Comment peut-on cuisiner sur la Lune ? Avec quoi fait-on cuire les aliments ? Comment seraient alimentées les biomebox ? Et l’eau, d’où viendrait-elle ? Ces questions ne relèvent pas du partenariat signé au MIN de Toulouse, mais bien des recherches du CNES réalisées en parallèle, dans le cadre du programme “Spaceship”, dont Alexis Paillet est responsable.
« Nous étudions différents scénarios. La base – et donc les biomebox – pourraient fonctionner grâce à des panneaux solaires puisqu’il ne fait nuit que cinq jours par mois dans le pôle Sud de la Lune. Nous pourrions aussi utiliser des batteries basses températures, ou encore des piles régénératives à hydrogène. L’objectif reste de consommer le moins possible et de concevoir des équipements sobres énergétiquement », note Alexis Paillet. C’est également le cas pour les ressources en eau. Celles-ci pourraient être puisées directement dans les blocs de glace contenus sur la Lune. Puis recyclées, comme dans la station spatiale internationale (ISS) où « 90% de l’eau est réutilisé par les astronautes », ajoute le chercheur.
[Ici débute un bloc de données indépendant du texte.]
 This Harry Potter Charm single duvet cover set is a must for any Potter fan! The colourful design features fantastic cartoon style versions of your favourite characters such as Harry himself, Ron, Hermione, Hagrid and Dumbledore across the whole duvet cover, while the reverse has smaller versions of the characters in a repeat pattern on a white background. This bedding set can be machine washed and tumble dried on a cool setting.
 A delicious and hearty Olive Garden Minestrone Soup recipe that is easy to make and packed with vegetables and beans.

Le projet d’installation d’une base sur la Lune est porté par plusieurs pays dans le monde, comme les États-Unis, le Japon, le Canada, la Russie et la France. Tous sont unis au sein d’une coopération internationale, avec un même objectif : aller sur Mars d’ici 25 ans.
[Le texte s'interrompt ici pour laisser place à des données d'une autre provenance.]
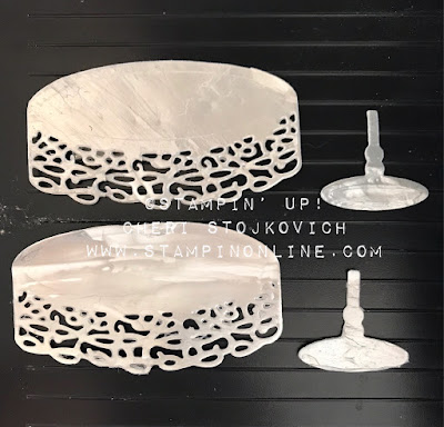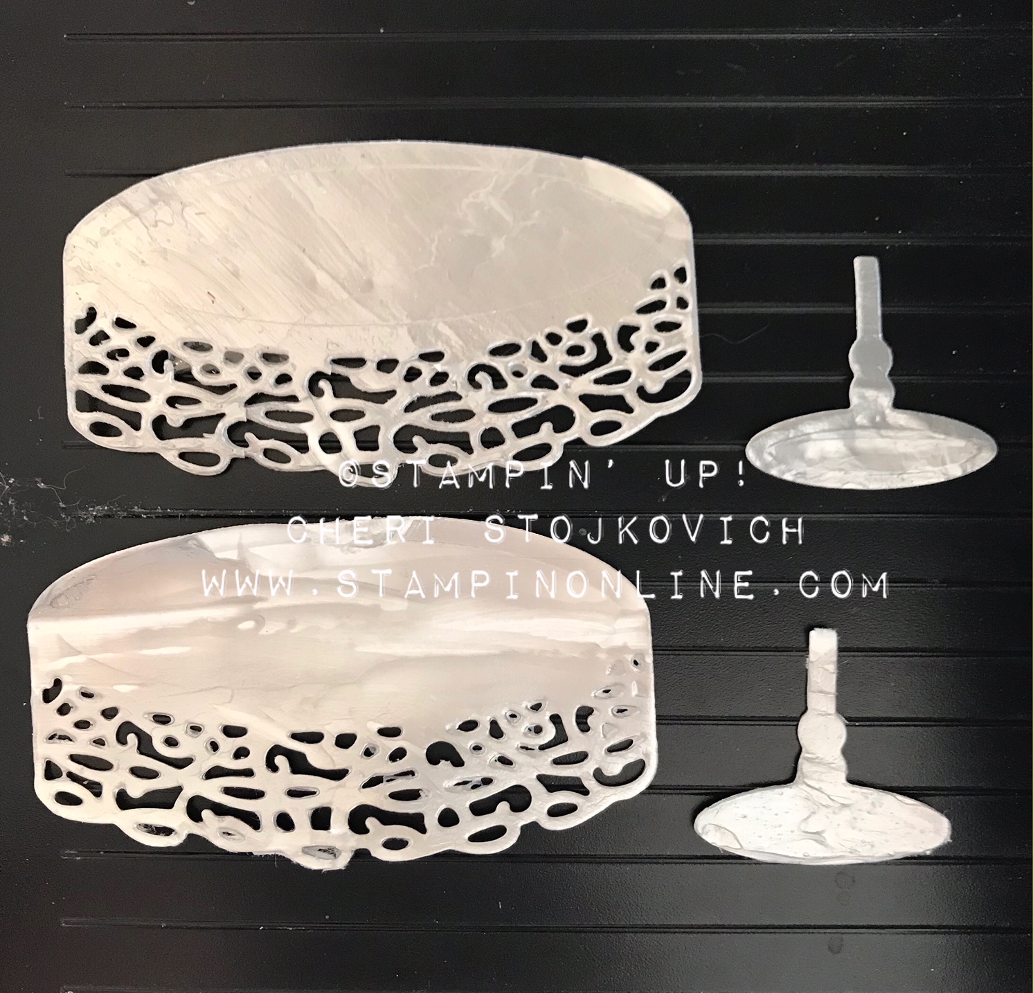 The colors of cardstock that are purchased in the class didn’t really work in creating a cake stand – which is created with this super lovely die.
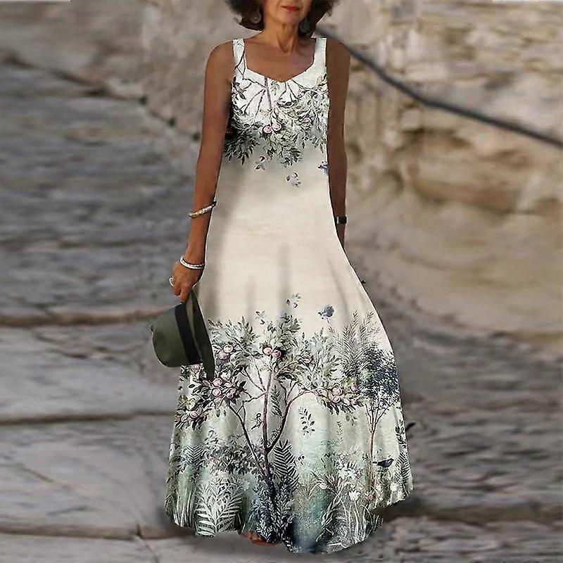 Women's Camisole Dress Maxi Long Dress with Buds Waiting to Bloom, Printed Dress, Spring/summer V-neck Casual Vacation
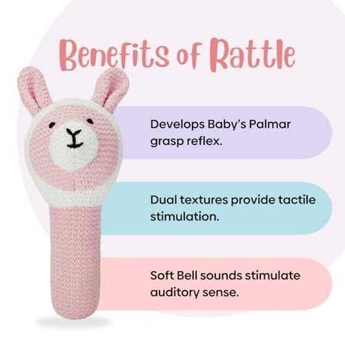 - Gentle & Infant-Friendly Fabric: Made entirely from cotton and filled with polyfibre, this pink rattle is suitable for newborns and toddlers up to 2 years old. The plush, knitted yarn feels soothing against sensitive skin and is perfectly sized for tiny hands to grasp and rattle. With a length of 15cm, it ensures both comfort and security for your little one. Sold as a single unit (1 piece), it makes a thoughtful gift or a delightful addition to daily playtime.
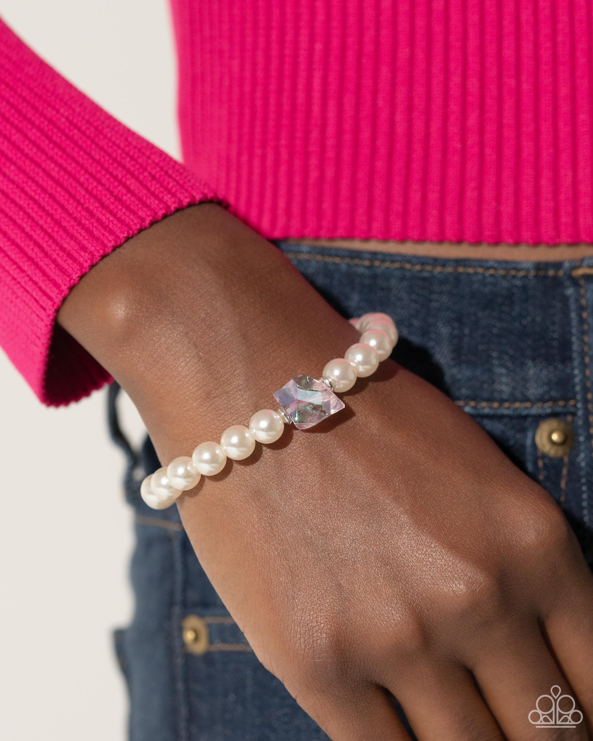 Infused along an elastic stretchy band, a collection of refined white pearls coalesces around the wrist. An abstract, cubed purple clear bead interrupts the pearls for a touch of feminine color.
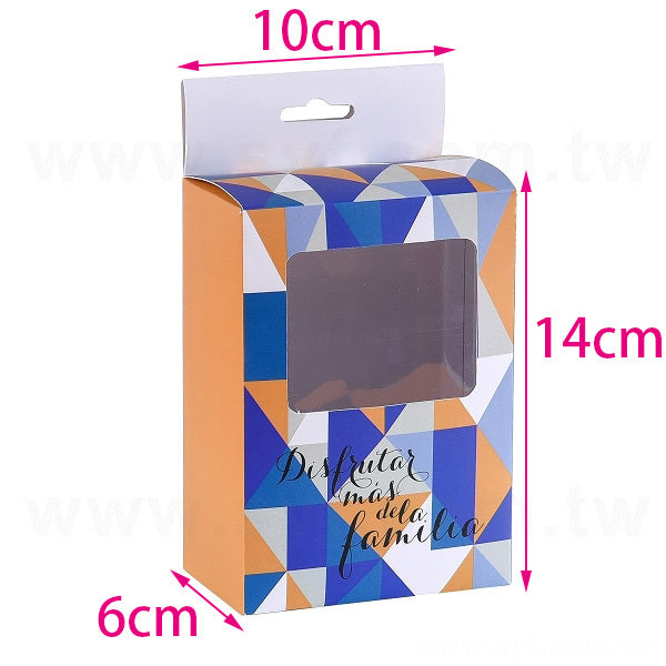 10x6x14cm(尺寸以下均一價)-插底式吊盒加玻璃紙-325P鑽卡紙盒-包裝盒印刷

« Si la France veut espérer envoyer un jour un astronaute sur la Lune au sein de cette base, ou dans une mission en direction de Mars, il faut forcément qu’elle montre qu’elle participe à la coopération internationale », précise Alexis Paillet. L’une des pierres à cet édifice : c’est justement l’alimentation.
Mais attention, la France n’est pas la seule à tenter d’imaginer ce que sera l’alimentation sur la Lune. « Les États-Unis et le Canada y réfléchissent aussi. Au sein de la coopération internationale, nous faisons des recherches ensemble, mais nous sommes aussi en concurrence pour trouver la technologie la plus adaptée au projet », prévient Alexis Paillet. L’une des technologies sélectionnées pour aller sur la Lune pourrait ainsi être la biomebox.